* _What the task asks_
Each entry that follows is to be copied exactly, minus any pictures.

* _Dataset records_
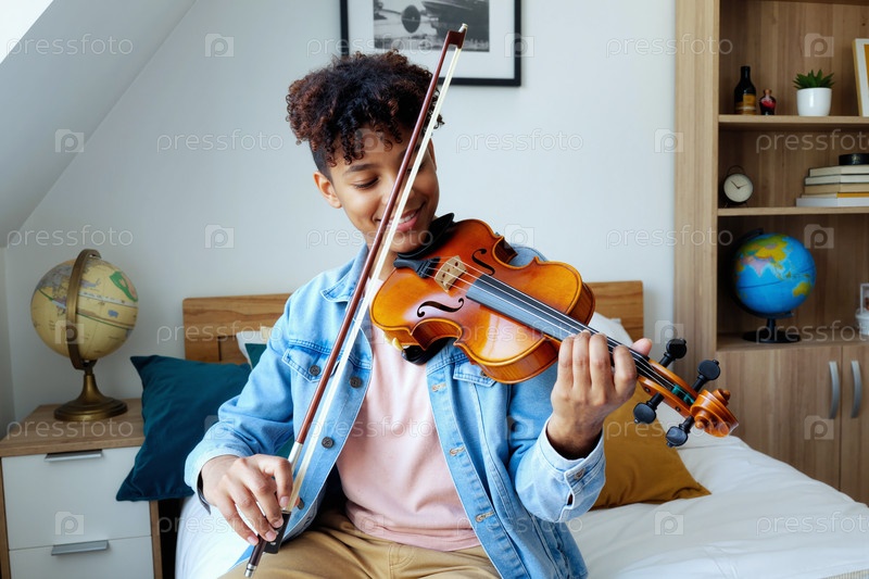Чернокожий подросток играет на скрипке, сидя на кровати в современной спальне
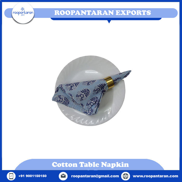 Best Selling Eco-Friendly Durable Reusable 45x45cm Handmade Block Printed Embroidered Pure Cotton Table Napkins
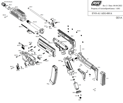 Original ASG parts. Pistol grip and baseplate set for the ASG EVO, suitable for all EVO variants. Part #BO5, #BO6, #BO7. Only grip is pictured, b...
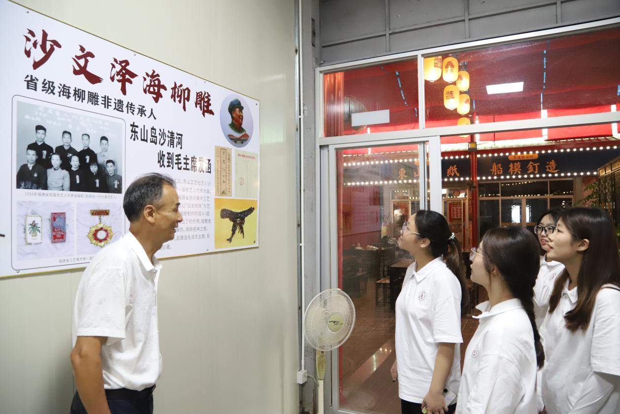 在东山华福书院的海峡两岸非遗艺术展上,大陆与台湾地区的非遗精品同台亮相。剪瓷雕的斑斓、铁枝木偶的灵动,与台湾的蝶影画作、民俗手工艺交相辉映,每一件展品都是闽海文脉同根同源的见证。队员们深刻体会到,东山岛的文化不仅是地域的瑰宝,更是连接两岸同胞的“精神脐带”,青年当以文化为桥,让这份跨越山海的共鸣持续传递。
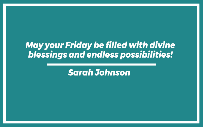 “May your Friday be filled with divine blessings and endless possibilities!”Sarah Johnson
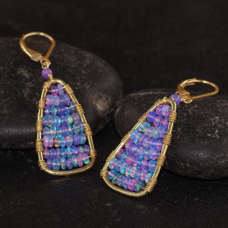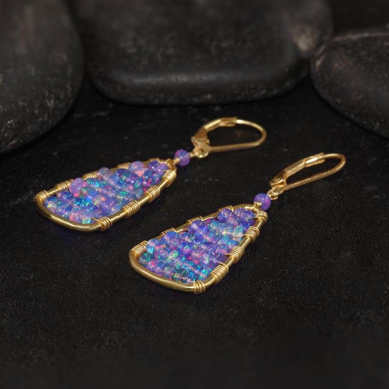 Pendientes Colgantes de Ópalo Lavanda AAA para Ella, Ópalo Lavanda Fuego, Plata de Ley 925, Chapado en Oro de 14K, Pendientes Hechos a Mano, Regalo
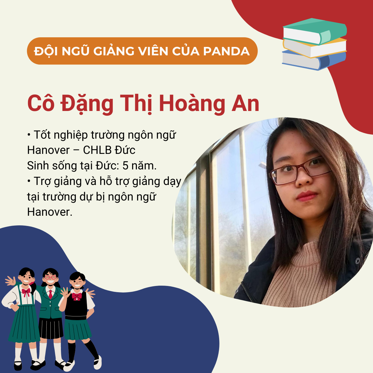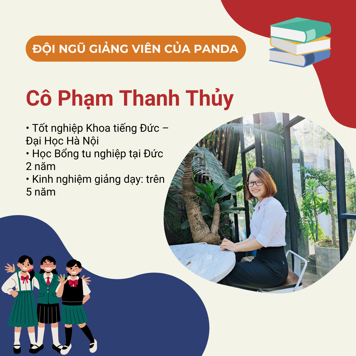 - Tốt nghiệp Khoa tiếng Đức - Đại học Hà Nội. Giảng viên có hơn 5 năm kinh nghiệm giảng dạy và ôn thi tiếng Đức A1-B1
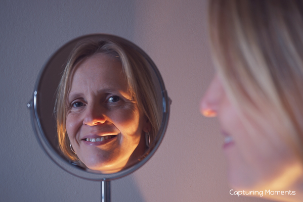 Met mijn snoet tegen de camera gedrukt.
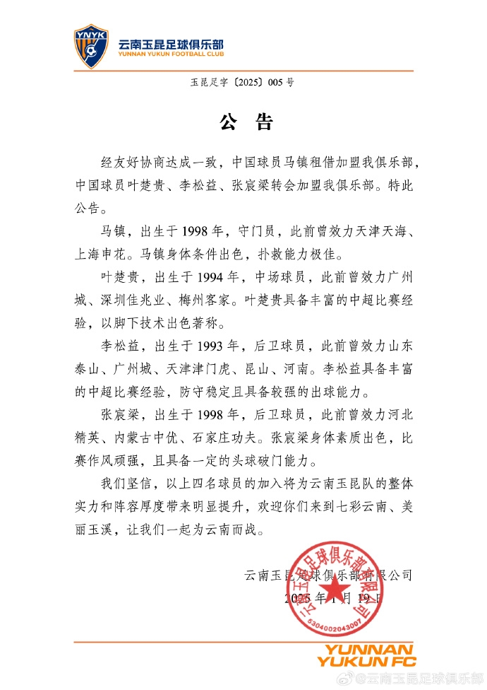 經(jīng)友好協(xié)商達(dá)成一致,中國球員馬鎮(zhèn)租借加盟我俱樂部,中國球員葉楚貴、李松益、張宸梁轉(zhuǎn)會(huì)加盟我俱樂部。特此公告。
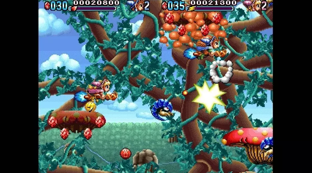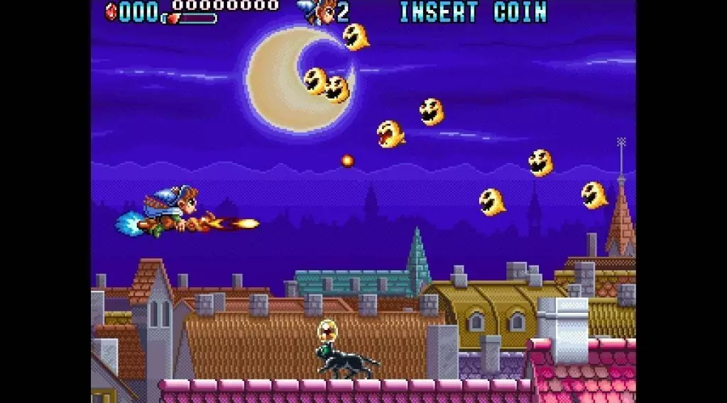 Mystic Riders shifts into a fantasy-inspired setting, allowing players to choose between two characters: the blue-robed wizard Mark and the red-cloaked witch Zeal. Mounted on broomsticks, they engage in aerial magic combat across whimsical and imaginative levels. The game supports local two-player co-op, adding a layer of interaction and rhythm-focused gameplay that sets it apart from traditional shooters.
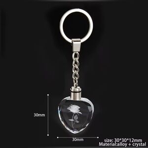 Crystal heart keychain featuring internal etched rose pattern illuminated by a soft red / pink LED light. Dainty and feminine accent piece that can be used for a keychain as designed, or put it on a chain and wear it around your neck. Have fun with this cute piece!

* _Completed exercise_
Чернокожий подросток играет на скрипке, сидя на кровати в современной спальне
 Best Selling Eco-Friendly Durable Reusable 45x45cm Handmade Block Printed Embroidered Pure Cotton Table Napkins
 Original ASG parts. Pistol grip and baseplate set for the ASG EVO, suitable for all EVO variants. Part #BO5, #BO6, #BO7. Only grip is pictured, b...
 在东山华福书院的海峡两岸非遗艺术展上,大陆与台湾地区的非遗精品同台亮相。剪瓷雕的斑斓、铁枝木偶的灵动,与台湾的蝶影画作、民俗手工艺交相辉映,每一件展品都是闽海文脉同根同源的见证。队员们深刻体会到,东山岛的文化不仅是地域的瑰宝,更是连接两岸同胞的“精神脐带”,青年当以文化为桥,让这份跨越山海的共鸣持续传递。
 “May your Friday be filled with divine blessings and endless possibilities!”Sarah Johnson
 Pendientes Colgantes de Ópalo Lavanda AAA para Ella, Ópalo Lavanda Fuego, Plata de Ley 925, Chapado en Oro de 14K, Pendientes Hechos a Mano, Regalo
 - Tốt nghiệp Khoa tiếng Đức - Đại học Hà Nội. Giảng viên có hơn 5 năm kinh nghiệm giảng dạy và ôn thi tiếng Đức A1-B1
 Met mijn snoet tegen de camera gedrukt.
 經(jīng)友好協(xié)商達(dá)成一致,中國球員馬鎮(zhèn)租借加盟我俱樂部,中國球員葉楚貴、李松益、張宸梁轉(zhuǎn)會(huì)加盟我俱樂部。特此公告。
 Mystic Riders shifts into a fantasy-inspired setting, allowing players to choose between two characters: the blue-robed wizard Mark and the red-cloaked witch Zeal. Mounted on broomsticks, they engage in aerial magic combat across whimsical and imaginative levels. The game supports local two-player co-op, adding a layer of interaction and rhythm-focused gameplay that sets it apart from traditional shooters.
 Crystal heart keychain featuring internal etched rose pattern illuminated by a soft red / pink LED light. Dainty and feminine accent piece that can be used for a keychain as designed, or put it on a chain and wear it around your neck. Have fun with this cute piece!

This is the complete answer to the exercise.